In accordance with the foregoing, plaintiff's motion for spoliation sanctions is denied, but the Court awards plaintiff reasonable attorney's fees and costs incurred in connection with the motion. Plaintiff is directed to submit an affidavit and supporting time records on or before May 14, 2008 if she wishes to obtain reimbursement for fees. Defendant's request for fees is denied.
SO ORDERED.

Footnotes

Citations to “Compl.” refer to plaintiff's Complaint, filed April 3, 2007.
Citations to “Def.'s Resp.” refer to the Letter of Defendant JetBlue dated October 9, 2007.
Citations to “Pl.'s Mem.” refer to the Letter of Plaintiff Denise Whitney dated October 1, 2007.

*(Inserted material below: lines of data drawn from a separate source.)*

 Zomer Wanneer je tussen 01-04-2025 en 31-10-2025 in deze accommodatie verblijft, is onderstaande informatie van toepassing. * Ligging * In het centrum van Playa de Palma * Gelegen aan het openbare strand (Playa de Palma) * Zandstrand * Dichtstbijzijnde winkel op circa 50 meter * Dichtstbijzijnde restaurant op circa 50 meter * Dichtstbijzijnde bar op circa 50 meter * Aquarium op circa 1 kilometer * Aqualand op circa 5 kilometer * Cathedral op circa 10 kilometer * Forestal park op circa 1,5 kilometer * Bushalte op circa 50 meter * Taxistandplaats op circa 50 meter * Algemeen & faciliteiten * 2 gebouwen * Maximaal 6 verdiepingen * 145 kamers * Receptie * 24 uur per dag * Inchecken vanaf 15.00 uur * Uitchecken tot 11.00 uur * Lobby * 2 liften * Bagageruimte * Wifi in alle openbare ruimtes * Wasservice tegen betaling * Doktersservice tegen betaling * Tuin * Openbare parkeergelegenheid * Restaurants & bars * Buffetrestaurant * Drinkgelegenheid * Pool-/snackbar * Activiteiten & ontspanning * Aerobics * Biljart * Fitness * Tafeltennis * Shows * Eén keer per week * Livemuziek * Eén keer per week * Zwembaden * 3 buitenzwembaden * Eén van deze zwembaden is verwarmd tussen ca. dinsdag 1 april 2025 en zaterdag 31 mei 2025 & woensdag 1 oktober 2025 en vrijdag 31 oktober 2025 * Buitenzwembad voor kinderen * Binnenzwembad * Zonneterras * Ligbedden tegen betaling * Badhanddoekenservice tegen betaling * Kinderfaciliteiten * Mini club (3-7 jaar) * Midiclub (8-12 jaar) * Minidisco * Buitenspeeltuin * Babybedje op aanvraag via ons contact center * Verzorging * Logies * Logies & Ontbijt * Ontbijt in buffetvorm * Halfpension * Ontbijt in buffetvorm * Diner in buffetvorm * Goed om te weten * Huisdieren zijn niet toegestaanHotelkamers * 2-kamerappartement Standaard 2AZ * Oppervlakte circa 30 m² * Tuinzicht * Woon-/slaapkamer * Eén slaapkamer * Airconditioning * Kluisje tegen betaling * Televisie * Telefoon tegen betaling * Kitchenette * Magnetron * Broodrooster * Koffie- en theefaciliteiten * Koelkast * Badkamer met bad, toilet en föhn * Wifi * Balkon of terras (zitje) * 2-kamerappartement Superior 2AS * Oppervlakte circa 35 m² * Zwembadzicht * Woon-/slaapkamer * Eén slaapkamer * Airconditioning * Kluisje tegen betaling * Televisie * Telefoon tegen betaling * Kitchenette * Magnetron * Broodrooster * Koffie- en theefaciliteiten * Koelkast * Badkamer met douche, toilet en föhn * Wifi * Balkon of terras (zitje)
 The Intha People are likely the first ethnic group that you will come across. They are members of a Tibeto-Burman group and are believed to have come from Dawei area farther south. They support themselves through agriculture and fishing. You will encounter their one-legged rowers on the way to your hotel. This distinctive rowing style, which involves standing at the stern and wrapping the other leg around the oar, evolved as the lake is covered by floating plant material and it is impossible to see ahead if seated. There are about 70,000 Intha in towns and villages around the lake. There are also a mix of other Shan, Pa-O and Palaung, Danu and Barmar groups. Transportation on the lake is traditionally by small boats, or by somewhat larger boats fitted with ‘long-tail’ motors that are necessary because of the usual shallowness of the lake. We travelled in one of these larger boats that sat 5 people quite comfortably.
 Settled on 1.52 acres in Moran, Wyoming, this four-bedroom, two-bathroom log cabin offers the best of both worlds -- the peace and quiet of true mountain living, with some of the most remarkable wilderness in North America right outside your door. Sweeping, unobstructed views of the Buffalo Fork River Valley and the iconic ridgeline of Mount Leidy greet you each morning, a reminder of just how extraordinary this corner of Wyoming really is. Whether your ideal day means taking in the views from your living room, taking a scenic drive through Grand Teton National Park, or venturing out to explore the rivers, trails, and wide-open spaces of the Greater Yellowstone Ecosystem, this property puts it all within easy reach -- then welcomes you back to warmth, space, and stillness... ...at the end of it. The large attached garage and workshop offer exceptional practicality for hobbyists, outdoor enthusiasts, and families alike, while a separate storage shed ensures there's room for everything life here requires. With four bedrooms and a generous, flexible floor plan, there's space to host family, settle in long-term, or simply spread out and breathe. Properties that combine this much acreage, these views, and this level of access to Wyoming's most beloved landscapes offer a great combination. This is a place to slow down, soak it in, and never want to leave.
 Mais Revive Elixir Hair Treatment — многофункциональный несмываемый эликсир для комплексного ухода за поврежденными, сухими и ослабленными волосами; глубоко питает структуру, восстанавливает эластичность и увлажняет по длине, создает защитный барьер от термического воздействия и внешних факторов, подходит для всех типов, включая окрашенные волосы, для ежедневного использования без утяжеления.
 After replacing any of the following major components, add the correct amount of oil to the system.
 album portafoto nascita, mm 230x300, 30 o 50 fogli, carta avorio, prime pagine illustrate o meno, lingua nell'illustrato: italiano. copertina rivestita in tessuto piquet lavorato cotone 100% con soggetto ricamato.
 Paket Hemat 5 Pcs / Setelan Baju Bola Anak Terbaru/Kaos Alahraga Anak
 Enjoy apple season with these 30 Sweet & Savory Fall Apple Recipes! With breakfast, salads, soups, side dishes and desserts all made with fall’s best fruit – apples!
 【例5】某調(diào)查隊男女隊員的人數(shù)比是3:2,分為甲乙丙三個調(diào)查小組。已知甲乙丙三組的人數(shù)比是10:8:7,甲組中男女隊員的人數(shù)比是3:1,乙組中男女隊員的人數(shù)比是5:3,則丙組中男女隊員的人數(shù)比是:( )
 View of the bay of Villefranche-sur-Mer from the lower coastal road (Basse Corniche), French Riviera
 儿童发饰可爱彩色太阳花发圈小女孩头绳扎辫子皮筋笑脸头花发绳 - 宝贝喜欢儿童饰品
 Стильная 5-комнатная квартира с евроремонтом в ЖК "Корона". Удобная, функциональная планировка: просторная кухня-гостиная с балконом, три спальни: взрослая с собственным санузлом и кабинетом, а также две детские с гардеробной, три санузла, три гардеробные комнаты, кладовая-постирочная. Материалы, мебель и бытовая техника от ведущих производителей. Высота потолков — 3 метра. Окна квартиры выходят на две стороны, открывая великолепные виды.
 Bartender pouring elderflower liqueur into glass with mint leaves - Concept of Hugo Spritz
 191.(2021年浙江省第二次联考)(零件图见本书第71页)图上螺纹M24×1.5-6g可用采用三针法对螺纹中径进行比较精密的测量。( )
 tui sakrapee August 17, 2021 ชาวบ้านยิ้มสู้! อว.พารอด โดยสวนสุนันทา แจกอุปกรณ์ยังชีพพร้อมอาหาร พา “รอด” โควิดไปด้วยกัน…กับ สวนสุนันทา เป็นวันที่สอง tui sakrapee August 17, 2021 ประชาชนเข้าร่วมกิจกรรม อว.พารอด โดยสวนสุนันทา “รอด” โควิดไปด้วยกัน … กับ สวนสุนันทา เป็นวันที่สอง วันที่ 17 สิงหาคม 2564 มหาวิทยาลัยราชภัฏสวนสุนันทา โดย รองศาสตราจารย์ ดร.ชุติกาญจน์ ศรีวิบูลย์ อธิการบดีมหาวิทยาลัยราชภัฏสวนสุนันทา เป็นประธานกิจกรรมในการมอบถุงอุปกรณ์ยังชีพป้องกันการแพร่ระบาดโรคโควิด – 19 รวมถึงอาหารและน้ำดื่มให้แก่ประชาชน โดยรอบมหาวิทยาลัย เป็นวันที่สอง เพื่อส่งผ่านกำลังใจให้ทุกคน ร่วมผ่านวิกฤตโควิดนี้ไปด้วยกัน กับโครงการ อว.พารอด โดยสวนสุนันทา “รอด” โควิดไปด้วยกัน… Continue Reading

The Court notes that this second electronic IIR and the “Inflight Incident Report” contain identical information. (See Affidavit of Nicole Gurdoglanyan, Manager of JetBlue's Legal Department, dated October 9, 2007 (“Gurdoglanyan Aff.”), Exs. C, E).
Citations to “Killoch Aff.” refer to the Affidavit of Donald James Killoch, Jr., Safety Analyst for JetBlue, dated October 9, 2007.
Citations to “Pl.'s Reply” refer to the Letter of Plaintiff Denise Whitney dated October 12, 2007.
Citations to “Cook Tr.” refer to the Deposition Transcript of DeWayne Cook, Manager of Inflight Standards for JetBlue, dated September 13, 2007.
Although defendant does not provide an explanation for why there are two versions of the electronic IIR, it has produced records demonstrating that a complete version was generated shortly after the incident on board. (Gurdoglanyan Aff., Ex. E). In addition, Nicole Gurdoglanyan, the author of the “Inflight Incident Report,” explains that she erroneously titled the document after extracting the information from the relevant electronic IIR. (Id. ¶ 7).
Citations to “Cook Tr.” refer to the Deposition Transcript of DeWayne Cook, Manager of Inflight Standards for JetBlue, dated September 13, 2007.
Plaintiff also takes issue with the fact that the IIRs indicate that no medical assistance was offered but that defendant's Station Incident Report, relating to the events taking place at the Tampa airport after plaintiff deplaned, document that plaintiff received medical attention. (Id. at 6, Ex. C). However, as defendant notes, this is because the IIRs relate only to events onboard, where no request for medical assistance was made in this case; plaintiff first requested aid at the airport gate. (Def.'s Resp. at 2-4; Gurdoglanyan Aff. ¶¶ 15-17).